How Can You Improve Your Credit Score?

There is no quick fix for credit repair. It takes time to build up a positive history and a dose of self control. The best thing you can do to boost your credit score is to use credit responsibly, pay your bills on time, and maintain low balances on your credit cards. If you have negative information in your credit records you can negotiate with the creditor that placed it there and pay off any bad debt to have that negative removed.

Once you have cleaned up your credit you can begin shopping for a new mortgage loan. Ideally you will want at least two years of solid credit in your records before applying for a mortgage; however, for some homeowners this is not always possible. If you need to refinance your mortgage sooner than this you may have to seek assistance from a bad credit, or “sub-prime” mortgage lender.

Either way, it pays to shop around and compare mortgage offers before you sign for a new loan. When comparison shopping for a mortgage loan, you need to compare all aspects of the loans, not just interest rates or APR. You can learn more about your mortgage options, including common mortgage mistakes to avoid by registering for a free mortgage guidebook.

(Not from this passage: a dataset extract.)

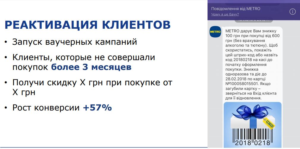 Ще одна група клієнтів – ті, які переставали ходити в мережу, і потрібно було їх утримати. Для першої кампанії, взяли споживачів, які не здійснювали покупку в ТЦ більше трьох місяців і почали слати їм ваучери зі знижкою. Наприклад: «Здійсніть покупку на 600 грн і отримаєте знижку в 100 грн».

  • Transfer your balance to Money Return Visa® Platinum
  • Basics

    Your debt to income ratio is a basic measure that mortgage lenders use. It involves:

    • Total monthly debt load
    • Total pretax income
    • Overall ability to pay
    Total Monthly Debt Load Your total monthly debt load that a lender will analyze includes:
    • Credit cards
    • Student loans
    • Car payments
    • Department store cards
    • Other monthly debt payments
    • Your mortgage payment
    This is the sum total of your usual monthly debt payments. In some cases a lender may ignore a debt totally. This is the case, for example, if you have a $500 a month car payment but there are only two more months left on the loan. The lender may choose to ignore this $500 per month debt load because they know if will go away shortly.

    Lenders should be able to figure out the monthly debt balances and when they expire from your credit report, although you should also disclose relevant items to them in your mortgage application.

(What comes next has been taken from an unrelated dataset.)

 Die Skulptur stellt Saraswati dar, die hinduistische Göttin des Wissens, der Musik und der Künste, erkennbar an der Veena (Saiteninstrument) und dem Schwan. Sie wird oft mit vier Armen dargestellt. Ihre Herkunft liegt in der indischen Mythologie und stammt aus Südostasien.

    Lenders will also factor in the expense of the new mortgage your are applying for. This includes the mortgage payment, property taxes, home owner association dues, hazard insurance, and any other property related expenses.

    Total Pretax Income The lender will add up all your pretax income, which may include:

    • Base salary
    • Sales commissions
    • Bonuses
    • Overtime
    • Rental income
    • Interest income
    • Other income
    All of this income is added together to figure out your pretax income. They may take an average of your past year’s monthly earnings. Temporary jobs or seasonal work may not be added into this total because it is not considered regular work or income.

    Total Overall Ability To Pay The lender will compare the borrower’s total overall monthly debt load with their monthly pretax income.

    If a borrower’s pretax income is $10,000 and their monthly debt payments are $4,000 then the borrower has a debt/income ratio of 40%. This is acceptable to many lenders.

    New Opportunities Many lenders will now allow a total debt burden of as much as 55% of the borrower’s income.

    This allows more people to be able to buy a property. Lenders may compensate themselves for the additional risk of this type of loan with a higher than normal interest rate.


  • Raise your credit score with a help of Credit-Rocket! Read the Chase credit card reviews
  • Tired of high charges? Find the best database for credit cards! Read the fine print and find the Annual Percentage Rate (APR). This is the interest rate the companies charge you if you carry a balance. You want the lowest rate possible; as each percentage point drop will save you money on the months you have an outstanding balance.